Two hedge fund managers -- Samir Barai and Donald Longueuil -- were arrested Tuesday morning on charges of insider trading, Bloomberg reports. Two others -- portfolio manager Noah Freeman and analyst Jason Pflaum -- pleaded guilty. The charges are the latest example of a Federal crackdown on insider trading that the Wall Street Journal detailed in November.

In a pair of documents, the Securities and Exchange Commission and the Federal Bureau of Investigation describe an illegal exchange of information, which allegedly allowed hedge funds to reap $30 million in profits. According to the Federal complaints, employees at publicly traded technology companies sold secret information about those companies to workers at hedge funds, which then used that information to make big trades in the companies' stock.
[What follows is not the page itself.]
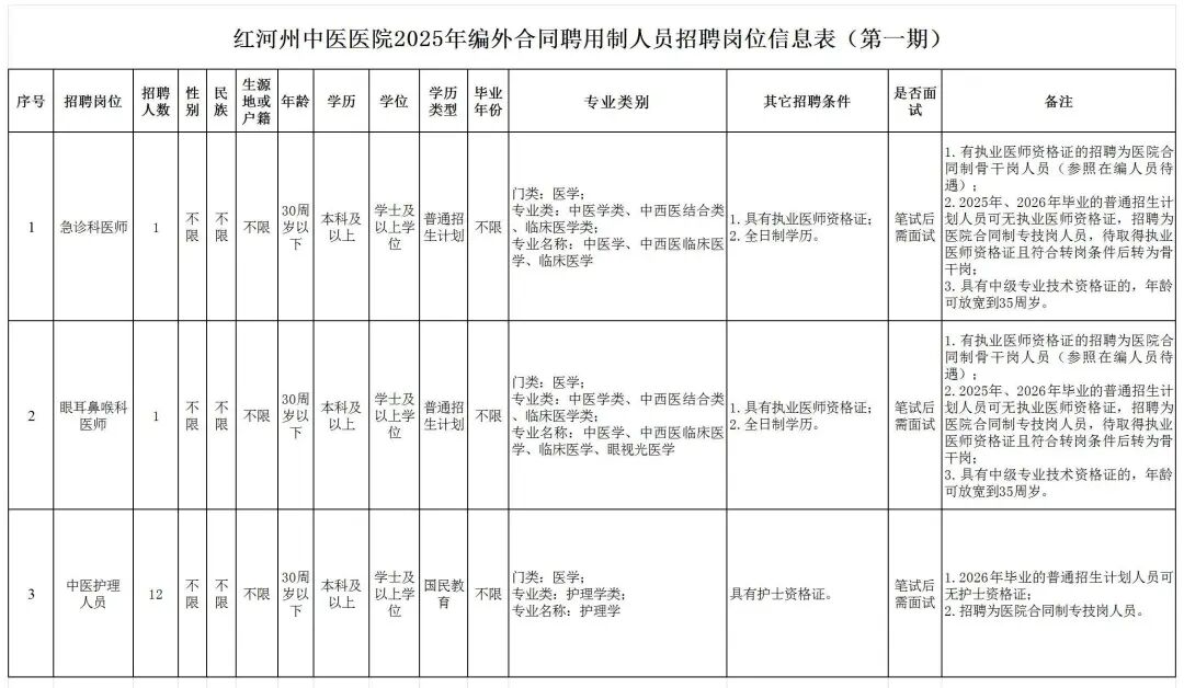 紅河州中醫(yī)醫(yī)院2025年編外合同聘用制人員招聘公告(第一期)

The information was enormously profitable for the firms that received it, according to the court documents. Many of the allegations involve Winifred Jiau, who, the documents say, was employed by various technology companies and, at the same time, by Primary Global Research LLC, as a "private expert." PGR would allegedly receive information from Jiau and then pass it on to clients, including Freeman and Barai.
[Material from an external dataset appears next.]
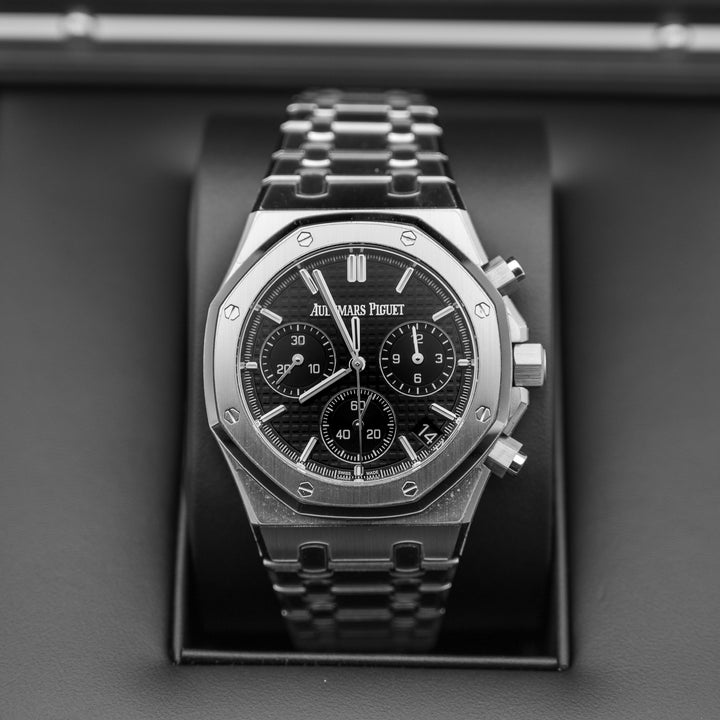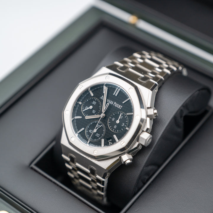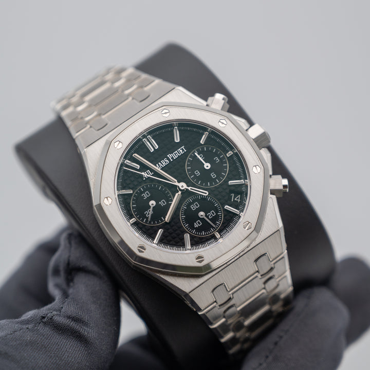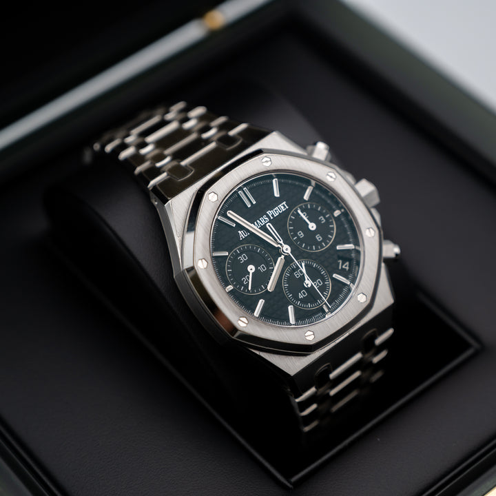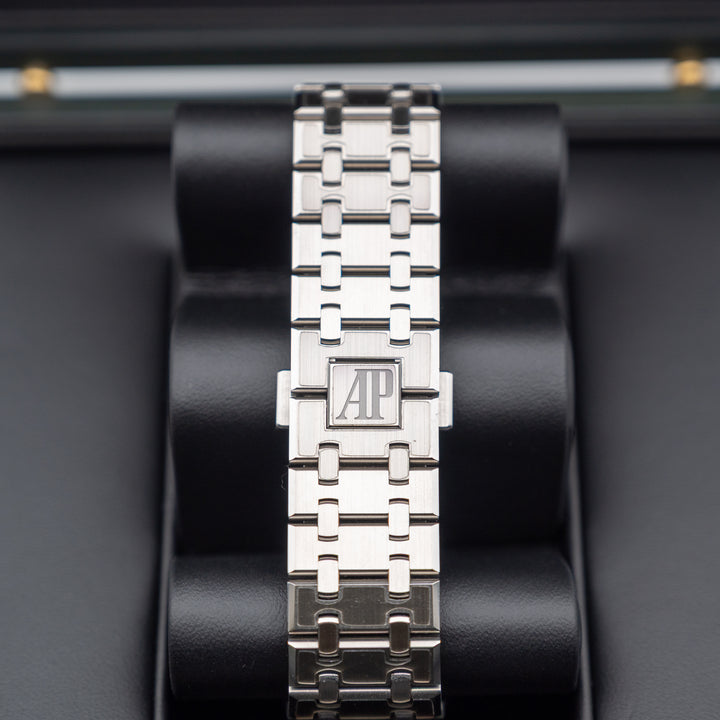 Black dial with “Grande Tapisserie” pattern, black counters, white gold applied hour-markers and Royal Oak hands with luminescent coating.

In May 2008, for instance, Jiau allegedly gave Freeman and Barai early information about the earnings of Marvell Technology Group. According to the SEC, Barai's hedge fund subsequently reversed its short position on Marvell's stock, and reaped close to $1 million in profits and avoided losses.

In another case, Freeman earned about $9.7 million for his hedge fund, after learning secret information, the SEC says.

The FBI documents add more color to the accusations. In November last year, after he read about the probe into insider trading, Barai allegedly wrote to Pflaum from his BlackBerry:

- This scope is said to focus on the use of so-called expert network firms
- Concern for years that some experts may be passing out confi [meaning, confidential] info about to go public cos [meaning, companies] to traders....
- [The Firm] was only one named!!!!
- F*****ck

The next morning he said, according to the FBI:

- Didn't sleep much either.
- I dunno
- I think we ok tho
- I think U just go into office
- Shred as much as u can

He also said, according to the FBI:

- Let's not worry....
- No evidence we got exact info
- So it doesn't matter....
- Forget the past
- No proof
- So ur fine

During a conversation between Freeman and Longueuil, which they recorded, they describe how to destroy electronic evidence, the FBI says. From the document:

Freeman then remarked, "I don't see how you get rid of this sh*t," to which LONGUEUIL explained, "Oh, it's easy. You take two pairs of pliers, and then you rip it open ... and then, it's just a piece of NAND. ... So I just f*cking ripped it apart right there. ... I had two external drives that had like wafer numbers on 'em. F*ckin' pulled the external drives apart. Destroyed the platter. ... Put 'em into four separate little baggies, and then at 2a.m. ... 2a.m. on a Friday night, I put this stuff inside my black North Face [u/i] jacket, ... and leave the apartment and I go on like a twenty block walk around the city ... and try to find a, a garbage truck ... and threw the sh*t in the back of like random garbage trucks, different garbage trucks."

Longueuil and Freeman have been accused of insider trading while they were employees of SAC Capital Advisors, the $12 billion hedge fund run by Steven A. Cohen. The company released a statement saying it is "outraged by the alleged actions of two former employees, which required active circumvention of our compliance policies and are egregious violations of our ethical standards."

Cohen, who is worth more than $6 billion, and who owns artist Damien Hirst's embalmed tiger shark, "The Physical Impossibility of Death in the Mind of Someone Living," has been sued repeatedly by his ex-wife, Patricia Cohen. In the latest version of the suit, she alleges that Cohen himself participated in insider trading. From the suit:

Such privileged information was provided to Steven as part of his relationship with Mr. Newberg and as part of an effort to "take care of one another." They sometimes referred to their group of Wharton friends as "the Wharton mafia."